How to Fight Back Against Local SEO Spam
Local SEO is very important, since around half of all searches on Google have local intent. More than 70% of potential customers look up businesses before they visit, and about three quarters of local searches result in contacting one of them. This means your business must have good local SEO to be found by your target customers. Unfortunately, the ease by which companies can game local SEO for non-local premises means local SEO spam can cost legitimate, local businesses potential customers.
Let’s look at how you can fight back against local SEO spam.
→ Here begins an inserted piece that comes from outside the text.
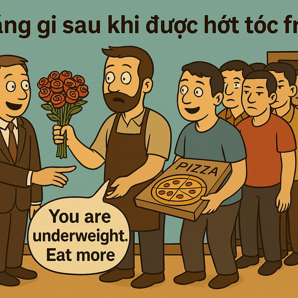 Một lát sau, một người Ý vào cắt tóc cũng được miễn phí, thế là sáng hôm sau chủ tiệm nhận được 20 chiếc bánh Pizza.
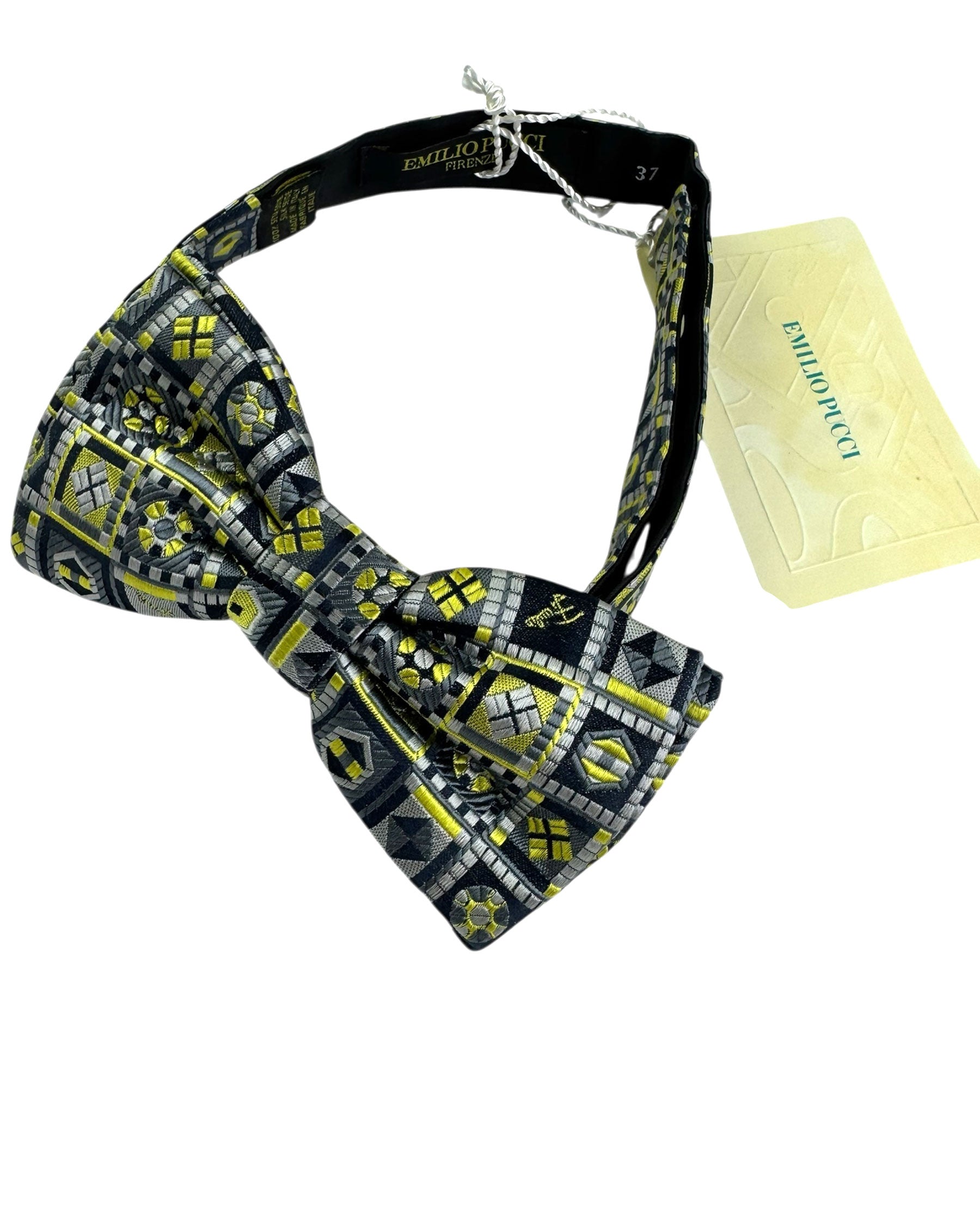 Luxury bow ties: Genuine Emilio Pucci pre-tied bow tie, gray black design with bright lime-olive geometric detail, luxury printed silk, hand made in Italy. Fancy silk bow ties by Pucci, shop silk bow ties at outlet prices: designer bow ties | pre tied bow ties.

Before you report a case of location SEO spam, perform your due diligence, just in case it is their legitimate business name. If the business website uses a different business name, then you know it is a case of location spam. This was previously done through Google Map Maker, but that was killed in March, 2017. It has now been integrated with Google Maps.
Crowdsourced contributions to maps are being transitioned to the Local Guides program. This is intended to make it much harder for people to enter updates to Google Maps, something that allowed for a lot of local SEO spam entries. However, this change will not remove existing cases of local SEO spam.
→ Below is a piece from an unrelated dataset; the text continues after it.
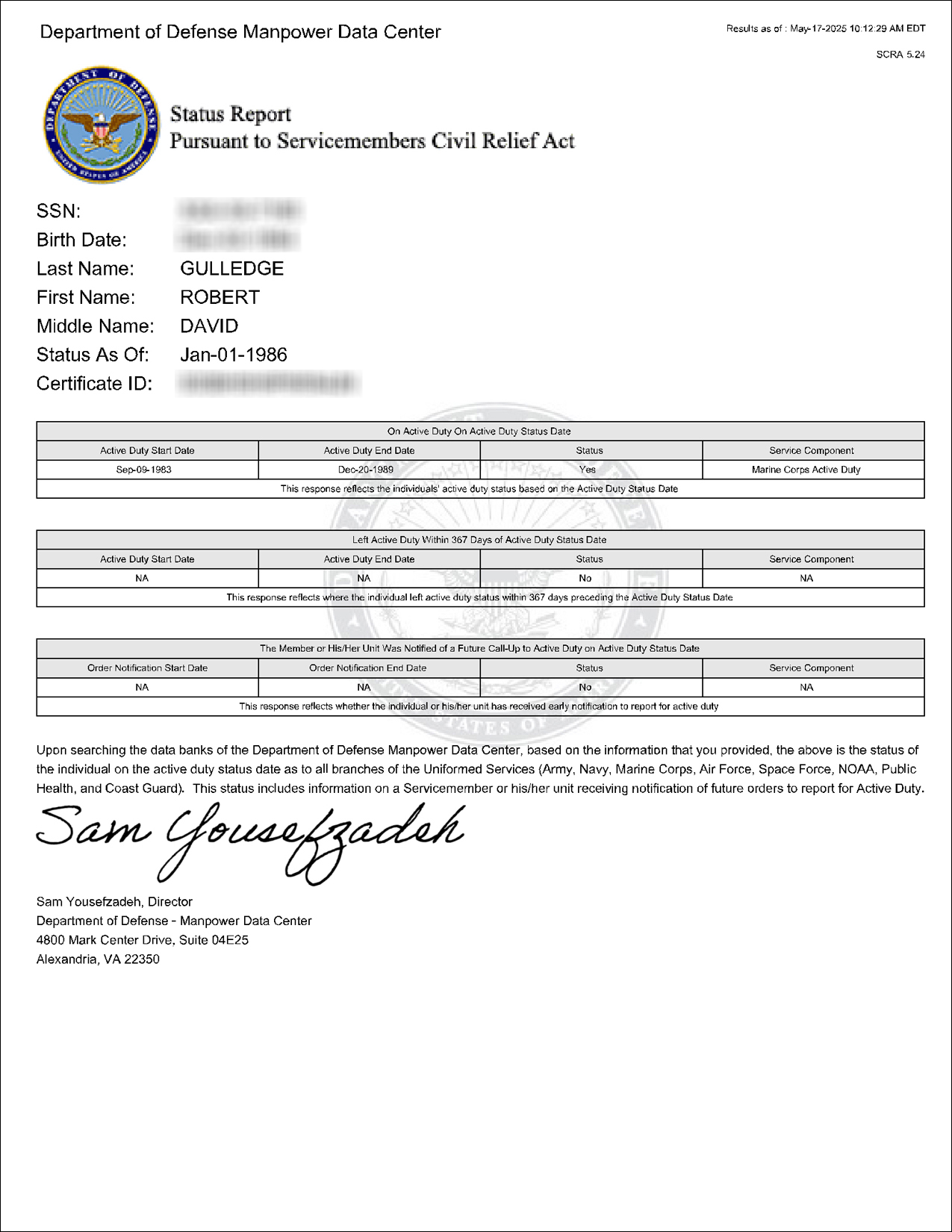 According to prosecutors, Gulledge used these fraudulent documents at least 10 times over 15 years to secure employment and veterans’ benefits, including a 2023 application for a State Department contract position and a 2019 application for VA disability benefits.

You can report the spam by logging into Google and going to Google Maps. Search for the address or click on the pin on the map. On the bottom right, select the “Send Feedback” option. Select “Report a Data Problem”, enter the information about the spam like “it isn’t actually located there, has a different business name” and then submit. When you report spammers, start with the stronger ranking listings first to reduce the impact of the worst offenders.
You should also suggest edits to force businesses that have added keywords to their business names to remove them and flag those using P.O. boxes instead of actual addresses, since this is a violation of Google’s rules.
Address Review Spam
Reviews have a significant impact on your local SEO, since potential customers will avoid companies with a bad rating. Fake five star reviews have been a long term problem. You can report these reviews to Google by flagging them for review. When a competitor has given you multiple bad reviews with written details, you can sue them for defamation and demand they remove the false bad reviews and stop posting them altogether.
Implementing Local SEO in Business Names
There are companies that have actually renamed themselves so that they rank well for local SEO using their company name. For example, one law firm actually renamed itself to Denver Trial Lawyers. You don’t have to go this far to improve your local SEO. Renaming your business to “Current Name of ABC City” would work. If you are already incorporated as “Business Name of X County”, use that legal business name on business directories and your website. When you have a law office, instead of stating “Law Office of A, B and C”, consider renaming it to “Law Office of A, B, and C, Personal Injury Lawyers”.
Update business information when you have multiple locations to include location information. If you own several day care centres, instead of having four different entries that compete with each other for local SEO, each one should have its business directory entries across all sites updated to “Childcare Centre – City Name Location”. This practice also prevents your business being wrongly penalised for seemingly listing multiple addresses for a single location, when you actually have more than one location.
If you want to successfully fight back against Local SEO spam, first, report the worst offenders to Google as spam, and suggest edits to push those abusing local SEO terms to correct them. Request a review of fake reviews on their site as well as your own. Include local search terms in your business name, and craft business NAP (name, address and phone number) entries to clearly identify each location as a unique. Take care with your own business’ name and title to avoid being penalised as spam.